Growth network models with random number of attached links

In the process of many real networks' growth, each new node joins a few existing nodes, the number of which is unknown in advance. However, classical network growth models assume that the number of nodes to which each newborn node links is constant. In this regard, the main research question of this paper is as follows: how do structural properties of networks generated in accordance with growth models with random number of attached links, change (in comparison with networks with a constant number of attached links)? In this paper, we restrict our analysis to the two growth network models: the Barabasi-Albert (BA) model and the triadic closure (TC) model. However, both in the BA and in the TC models the number of links attached to each new node of the network is constant on every iteration, which is not quite realistic. In this paper we extend both the BA and the TC models by allowing the number of newly added links to be random, under some mild assumptions on its distribution law.

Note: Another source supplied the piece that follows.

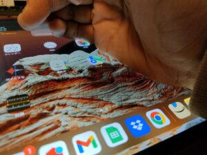 一度パームリジェクションを機能させてしまえばペンを離したとしても手のひらを離さなければ手のひらに反応することはないです。以下の写真のようにペンを画面から離しても手のひらに反応することはありません。

We examine the geometric properties of networks generated by the proposed models analytically and empirically to show that their properties differ from those of the classical BA and TC models. In particular, while the degree distributions of the generated networks follow the power law, their exponents vary depending on the thickness of the tail of the distribution that generates the number of attached links, and may differ significantly from the value of the corresponding exponent gamma = -3 for the networks generated by the classical BA and TC model. The 'random' versions of models have a useful feature: they are capable of creating new nodes with a high degree at any iteration. This greatly distinguishes them from classical models, in which the nodes that appeared in the early iterations gain a significant advantage. The property of the proposed model, associated with the possibility of late arrivals to receive a random number of neighbors (which can be arbitrarily large), seems to be capable to simulate the temporal behavior of real networks in a more realistic way. (C) 2021 Elsevier B.V. All rights reserved.

Automated summary

This study compares the structural properties of networks generated by growth models with random number of attached links to those with constant number of attached links. The research focuses on analyzing the differences in degree distributions of the networks generated by these models. By extending the classical models to allow for randomness in the number of attached links, the study shows that the 'random' versions of models have the capability to create new nodes with high degree at any iteration, which is a distinguishing feature from the classical models.